Prompt
Your task is to reproduce the listing exactly, without its images.

Source data
- - -

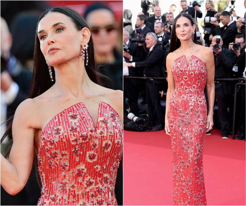 Demi Moore recorrió la alfombra roja del Festival de Cannes por primera vez en 1995, no presentaba ningún película, acompañaba en ese entonces a quien era su marido Bruce Willis, que estrenaba El quinto elemento.
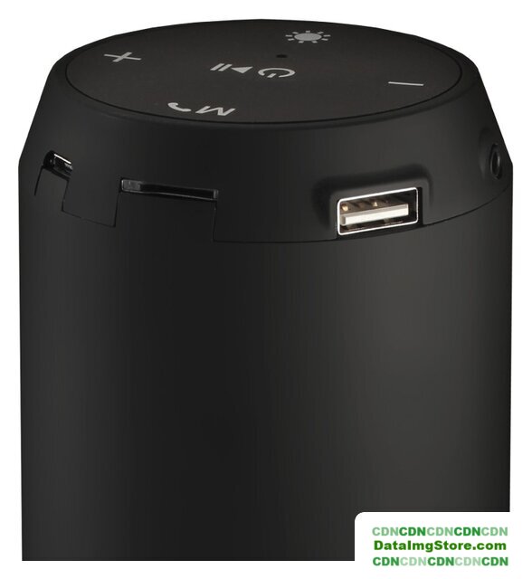 номинальная мощность 16 Вт, воспроизведение с microSD, питание от аккумулятора, BT, AUX, влагозащита IPX6
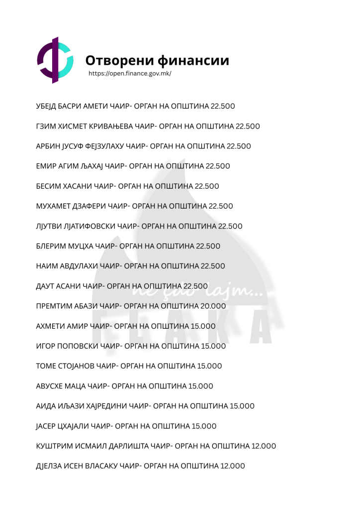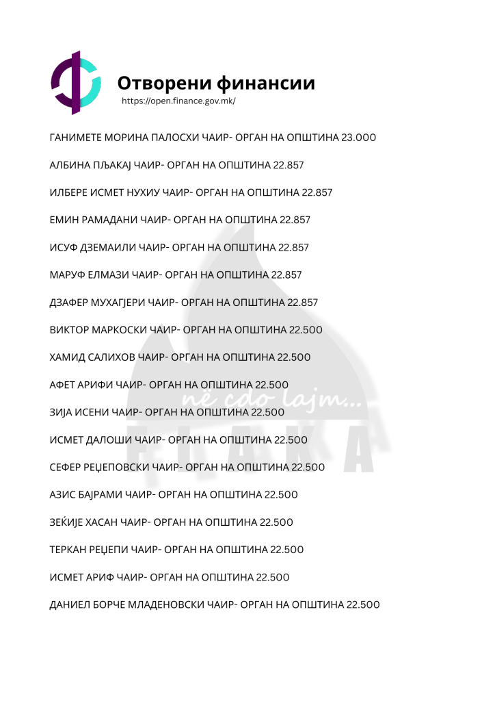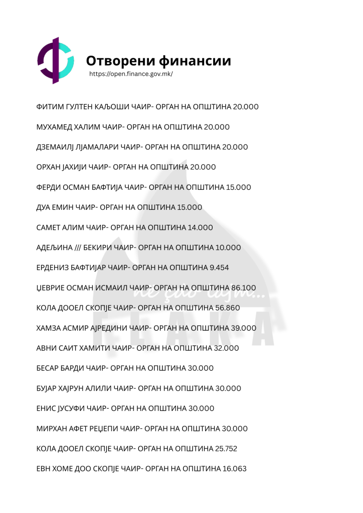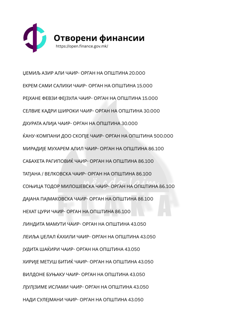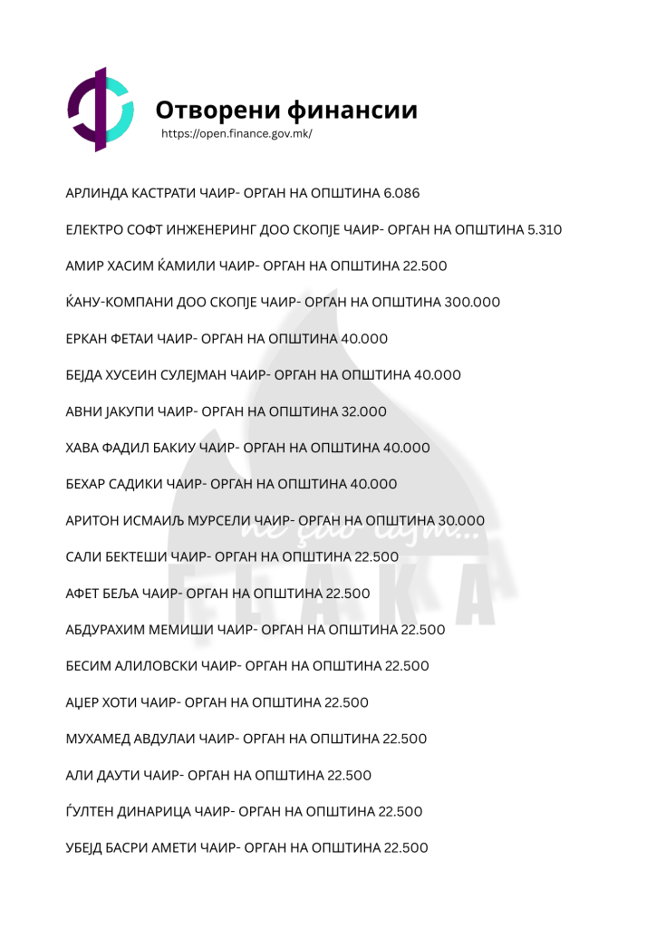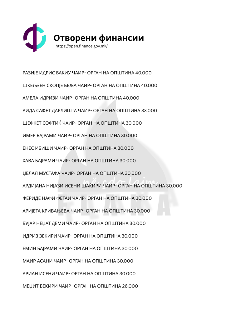 Daniel Mlladenovski, Goran Arsovski, Snezhanka Gusheva, Ana Oboçka, Tome Stojanov, Viktor Markovski dhe Igor Popovski, janë ndër emrat e shumtë që ndodhen në listën e kontratave të shpërndara nga komuna e Çairit, për të cilat opozita shqiptare pohon se janë lidhur për përfitime elektorale, shkruna Flaka.
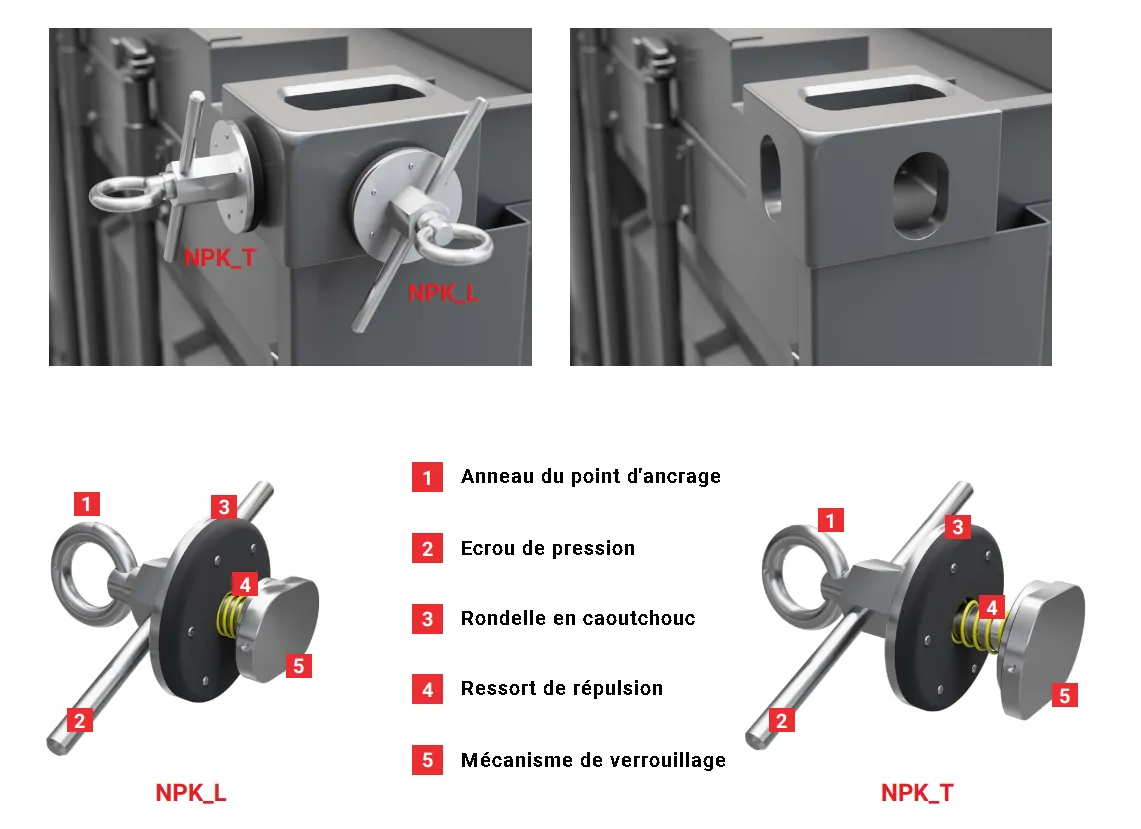 Le dispositif NPK est conçu pour protéger le travailleur pendant le transport et la manutention des conteneurs de transport et de construction.
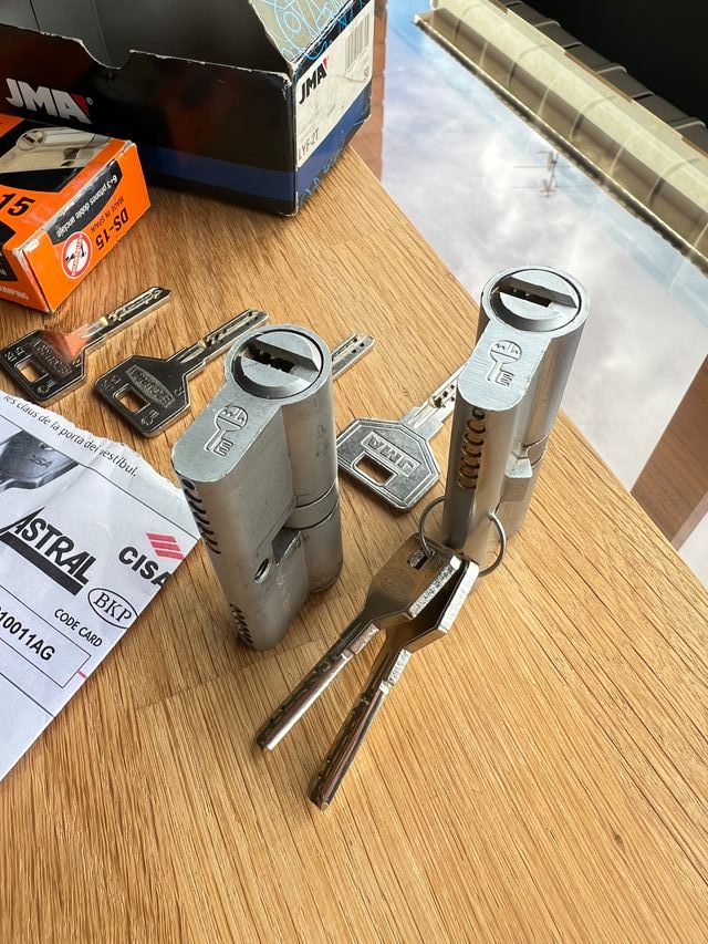 Detalles del productoSe venden dos bombines de cerradura EZCURRA DS-15. Con protección Antibumping.
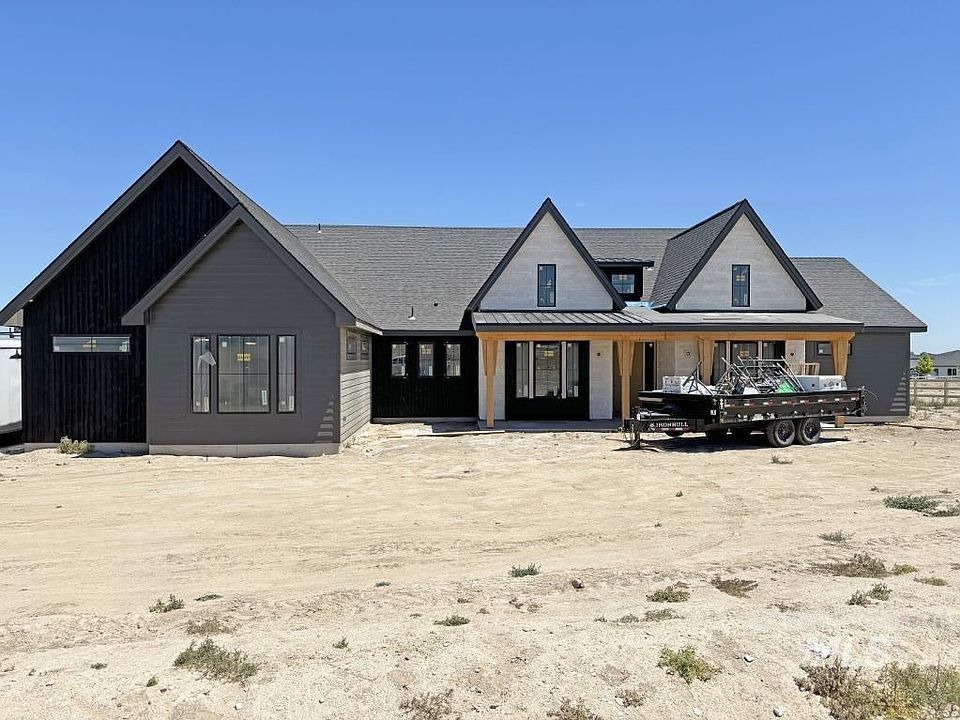Experience the charm of a modern country estate in Nampa's sought-after Lone Star Ranch subdivision. Nestled in a serene rural setting near Lake Lowell and Sunnyslope Wine Country, The Sawtooth by Cotner Building Company presents an exceptional single-level design on 1.06 acre lot. This home showcases a spacious master suite, two additional ensuites, and a sophisticated glass-enclosed study/den adorned w/custom built-ins. The spacious layout features a gourmet kitchen complete with top-of-the-line appliances, ample cabinetry, and impressive architectural touches throughout. The great room includes a Venetian plaster fireplace surrounded by birch log seating, complemented by vaulted ceilings and wooden beam accents. Chic wet room nestled w/in the Owner's Suite, boasts sleek floor-to-ceiling tiles in soothing neutral tones, enclosed in frameless glass, complete with multiple shower heads and freestanding tub bathed in natural light. Don't miss the 50' RV bay and 3-car side load garage (1808 SF Garage).
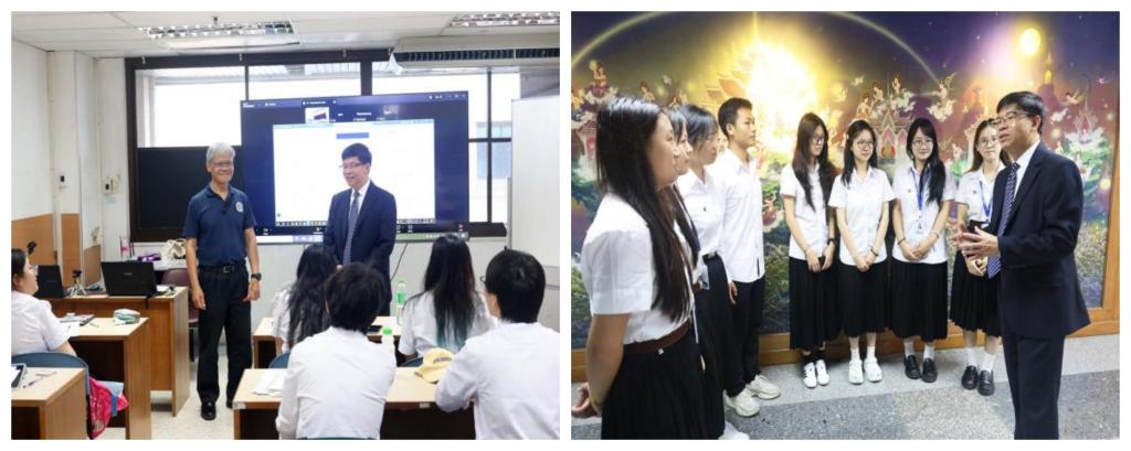 会谈结束后,访问团一行参观了玛希隆大学,并看望了德赢官网首批在疫情后赴泰深造实习的24名学生,李剀走进课堂与学生进行了亲切交流,详细了解了他们的学习、生活和文化适应情况,鼓励赴泰学生勤学善思、向内求知,努力成长为中泰两国友谊的使者。
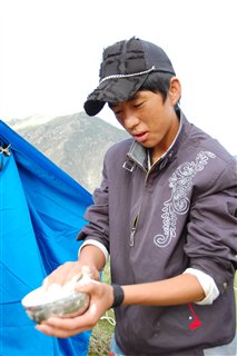 チベットのハニカミ王子クンが、チベットの 主食のツァンパ(麦焦がしをコネコネ |
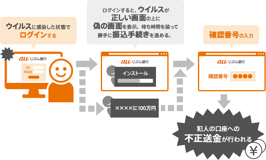 お客さまが、正しいオンラインバンキングにログインしても、そこから不正に送金をしてしまうウィルスです。
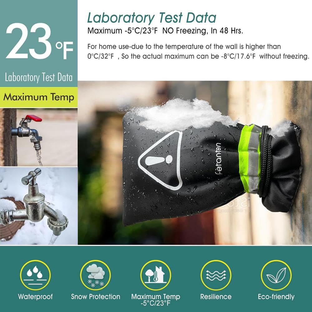 • Advanced Winter Protection: Utilizes aluminized thermal insulation fabric to guard against temperatures as low as -8°F, ensuring outdoor faucets remain functional in extreme cold.
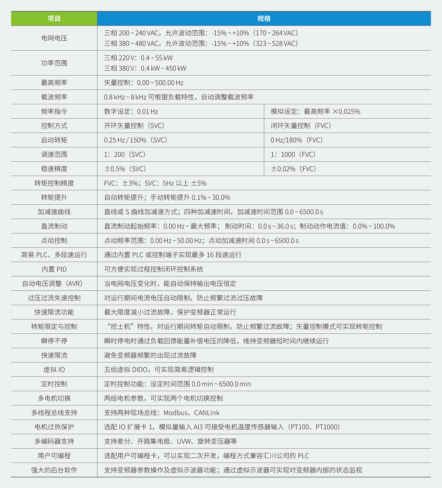 穩(wěn)速精度高,調(diào)速范圍廣;矢量控制下高速輸出;低速轉(zhuǎn)矩大,轉(zhuǎn)矩脈動(dòng)??;多種電機(jī)驅(qū)動(dòng)
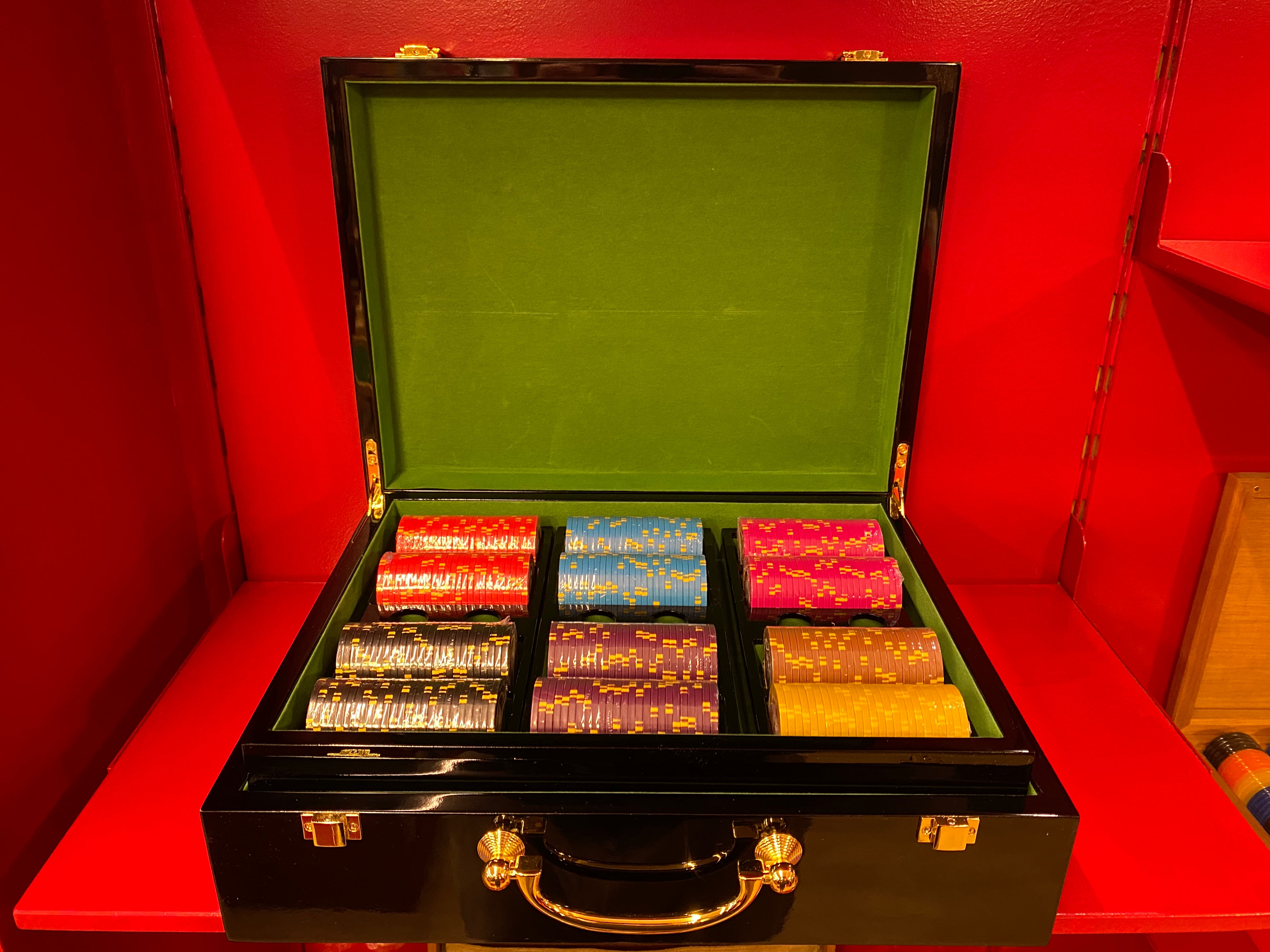 Un modèle de luxe, comme cette mallette en cuir grainé noir de 400 jetons dessinée dans un élégant intérieur velour beige, peut approcher le millier d’euros.
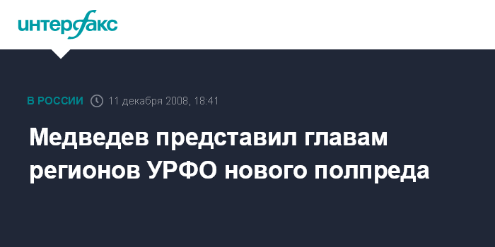 Москва. 11 декабря. INTERFAX.RU - Президент Дмитрий Медведев лично представил губернаторам Уральского федерального округа своего нового полномочного представителя в этом округе Николая Винниченко и выразил надежду, что Винниченко сможет не только сохранить достигнутое при его предшественнике Петре Латышеве, но и развивать этот регион.
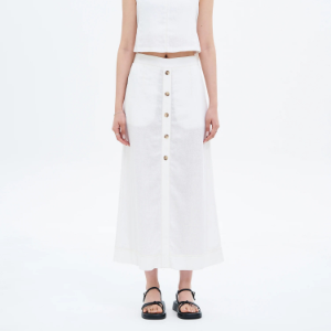 • 8 seconds Button Detail A-Line Long Skirt - White
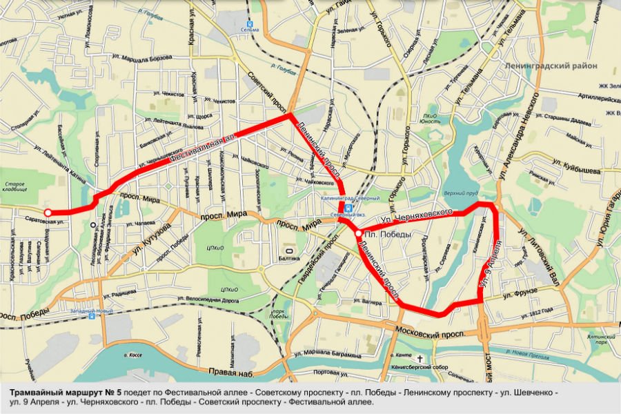Трамвайный маршрут № 5 поедет по Фестивальной аллее, Советскому проспекту, площади Победы, Ленинскому проспекту, улицам Шевченко, 9 Апреля, Черняховского, вернется на площадь Победы и дальше поедет по Советскому проспекту на Фестивальную аллеею.

- - -

Task output
 Demi Moore recorrió la alfombra roja del Festival de Cannes por primera vez en 1995, no presentaba ningún película, acompañaba en ese entonces a quien era su marido Bruce Willis, que estrenaba El quinto elemento.
 номинальная мощность 16 Вт, воспроизведение с microSD, питание от аккумулятора, BT, AUX, влагозащита IPX6
 Daniel Mlladenovski, Goran Arsovski, Snezhanka Gusheva, Ana Oboçka, Tome Stojanov, Viktor Markovski dhe Igor Popovski, janë ndër emrat e shumtë që ndodhen në listën e kontratave të shpërndara nga komuna e Çairit, për të cilat opozita shqiptare pohon se janë lidhur për përfitime elektorale, shkruna Flaka.
 Le dispositif NPK est conçu pour protéger le travailleur pendant le transport et la manutention des conteneurs de transport et de construction.
 Detalles del productoSe venden dos bombines de cerradura EZCURRA DS-15. Con protección Antibumping.
Experience the charm of a modern country estate in Nampa's sought-after Lone Star Ranch subdivision. Nestled in a serene rural setting near Lake Lowell and Sunnyslope Wine Country, The Sawtooth by Cotner Building Company presents an exceptional single-level design on 1.06 acre lot. This home showcases a spacious master suite, two additional ensuites, and a sophisticated glass-enclosed study/den adorned w/custom built-ins. The spacious layout features a gourmet kitchen complete with top-of-the-line appliances, ample cabinetry, and impressive architectural touches throughout. The great room includes a Venetian plaster fireplace surrounded by birch log seating, complemented by vaulted ceilings and wooden beam accents. Chic wet room nestled w/in the Owner's Suite, boasts sleek floor-to-ceiling tiles in soothing neutral tones, enclosed in frameless glass, complete with multiple shower heads and freestanding tub bathed in natural light. Don't miss the 50' RV bay and 3-car side load garage (1808 SF Garage).
 会谈结束后,访问团一行参观了玛希隆大学,并看望了德赢官网首批在疫情后赴泰深造实习的24名学生,李剀走进课堂与学生进行了亲切交流,详细了解了他们的学习、生活和文化适应情况,鼓励赴泰学生勤学善思、向内求知,努力成长为中泰两国友谊的使者。
 チベットのハニカミ王子クンが、チベットの 主食のツァンパ(麦焦がしをコネコネ |
 お客さまが、正しいオンラインバンキングにログインしても、そこから不正に送金をしてしまうウィルスです。
 • Advanced Winter Protection: Utilizes aluminized thermal insulation fabric to guard against temperatures as low as -8°F, ensuring outdoor faucets remain functional in extreme cold.
 穩(wěn)速精度高,調(diào)速范圍廣;矢量控制下高速輸出;低速轉(zhuǎn)矩大,轉(zhuǎn)矩脈動(dòng)??;多種電機(jī)驅(qū)動(dòng)
 Un modèle de luxe, comme cette mallette en cuir grainé noir de 400 jetons dessinée dans un élégant intérieur velour beige, peut approcher le millier d’euros.
 Москва. 11 декабря. INTERFAX.RU - Президент Дмитрий Медведев лично представил губернаторам Уральского федерального округа своего нового полномочного представителя в этом округе Николая Винниченко и выразил надежду, что Винниченко сможет не только сохранить достигнутое при его предшественнике Петре Латышеве, но и развивать этот регион.
 • 8 seconds Button Detail A-Line Long Skirt - White
Трамвайный маршрут № 5 поедет по Фестивальной аллее, Советскому проспекту, площади Победы, Ленинскому проспекту, улицам Шевченко, 9 Апреля, Черняховского, вернется на площадь Победы и дальше поедет по Советскому проспекту на Фестивальную аллеею.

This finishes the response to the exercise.